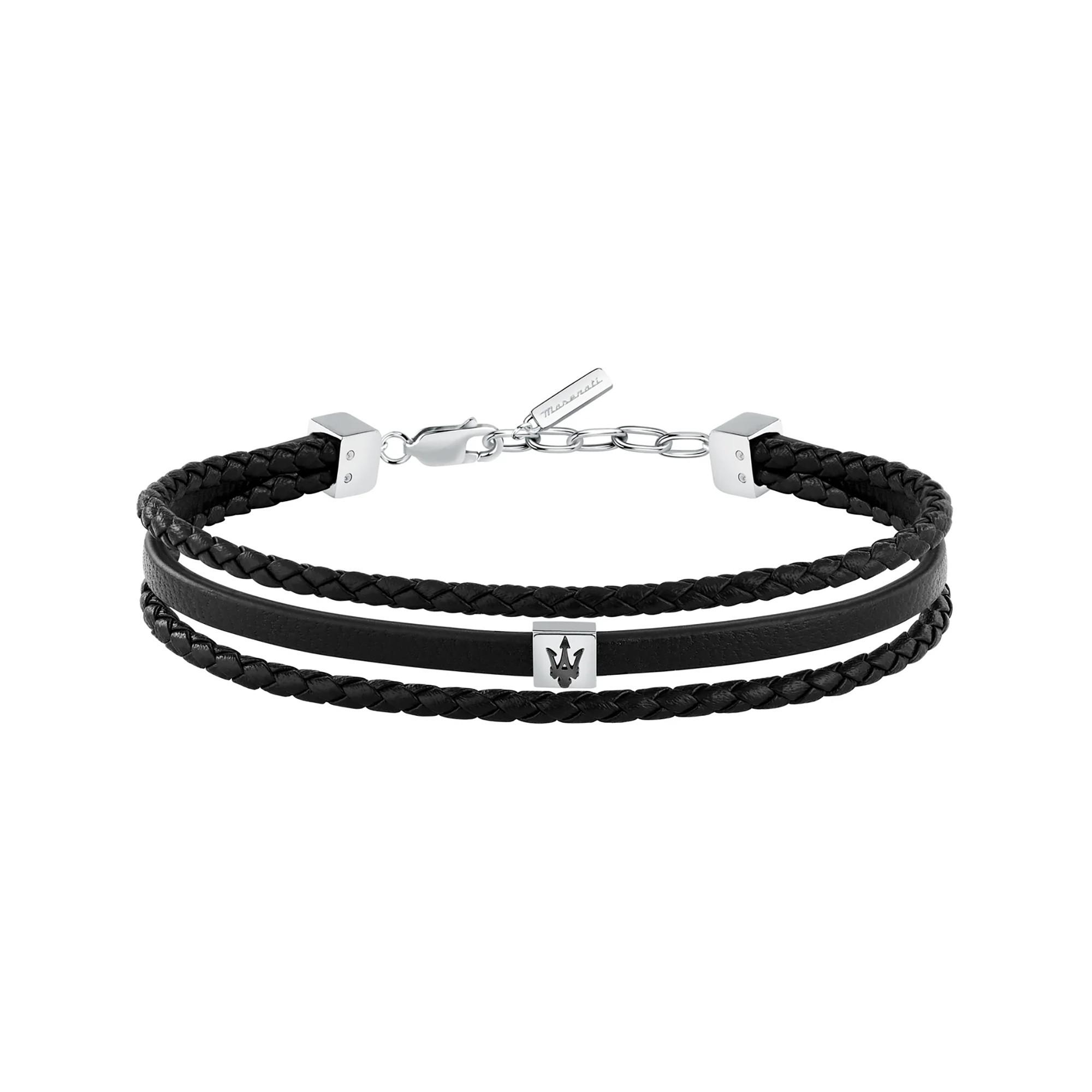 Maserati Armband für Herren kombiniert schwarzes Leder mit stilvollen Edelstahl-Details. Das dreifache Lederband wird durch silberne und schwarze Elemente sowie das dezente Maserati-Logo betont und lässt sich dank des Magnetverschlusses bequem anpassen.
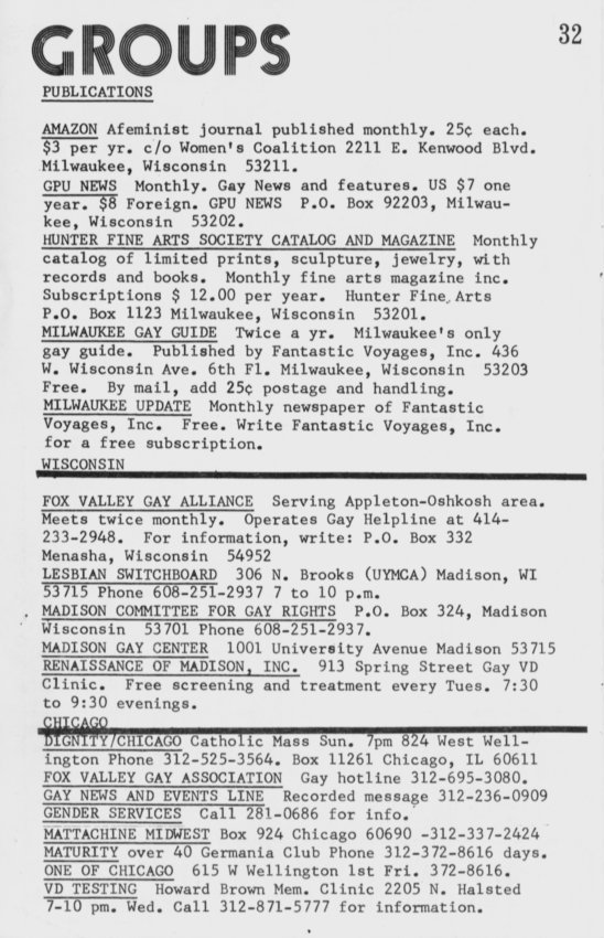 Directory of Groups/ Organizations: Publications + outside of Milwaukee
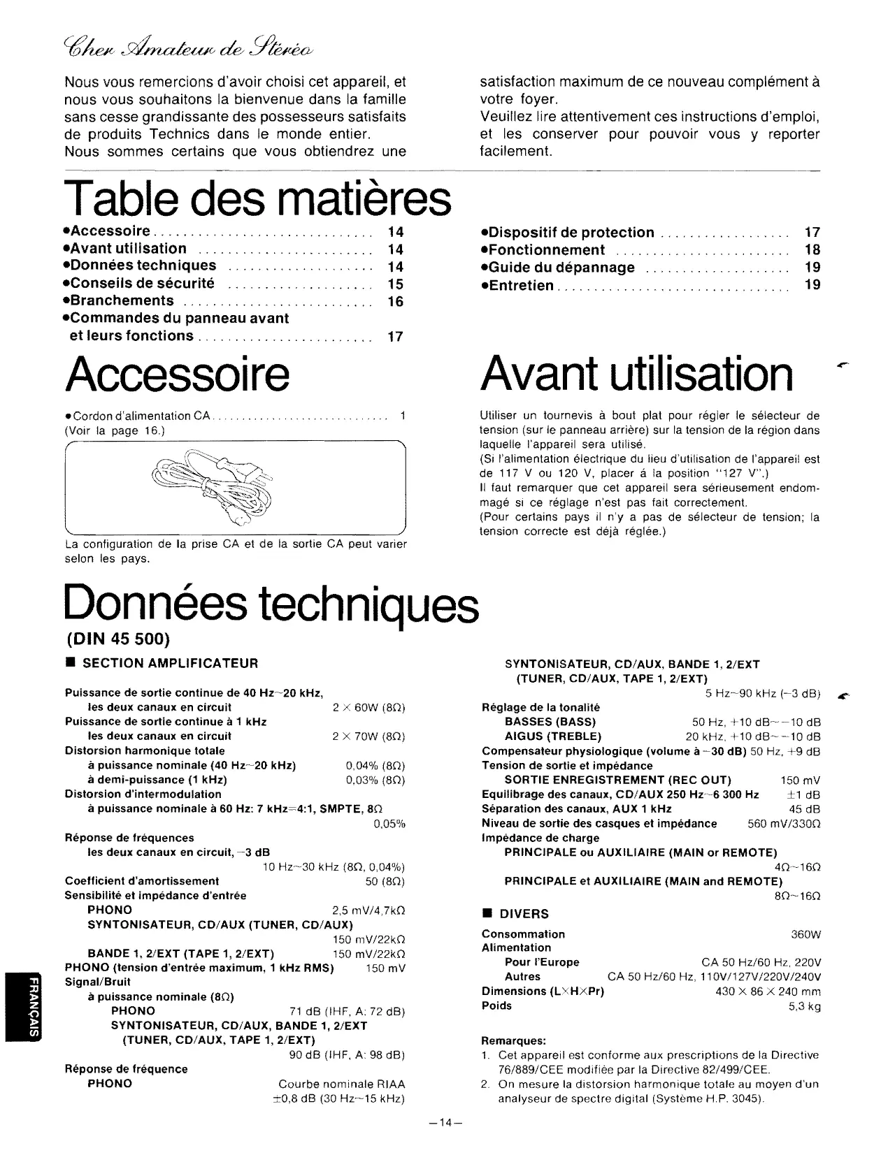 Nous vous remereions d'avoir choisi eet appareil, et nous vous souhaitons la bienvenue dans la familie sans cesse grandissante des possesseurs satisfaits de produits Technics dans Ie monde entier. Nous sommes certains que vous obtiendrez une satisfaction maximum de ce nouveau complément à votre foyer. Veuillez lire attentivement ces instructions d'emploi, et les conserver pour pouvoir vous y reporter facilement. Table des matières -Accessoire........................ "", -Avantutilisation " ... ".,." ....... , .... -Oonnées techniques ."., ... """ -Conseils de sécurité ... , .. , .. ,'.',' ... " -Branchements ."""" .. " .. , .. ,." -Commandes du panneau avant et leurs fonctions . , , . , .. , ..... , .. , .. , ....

--- Work required ---
Pictures stay out; output the lines from the top of the listing above through the line containing "Directory of Groups/", exactly as they stand.

--- Output below ---
 Maserati Armband für Herren kombiniert schwarzes Leder mit stilvollen Edelstahl-Details. Das dreifache Lederband wird durch silberne und schwarze Elemente sowie das dezente Maserati-Logo betont und lässt sich dank des Magnetverschlusses bequem anpassen.
 Directory of Groups/ Organizations: Publications + outside of Milwaukee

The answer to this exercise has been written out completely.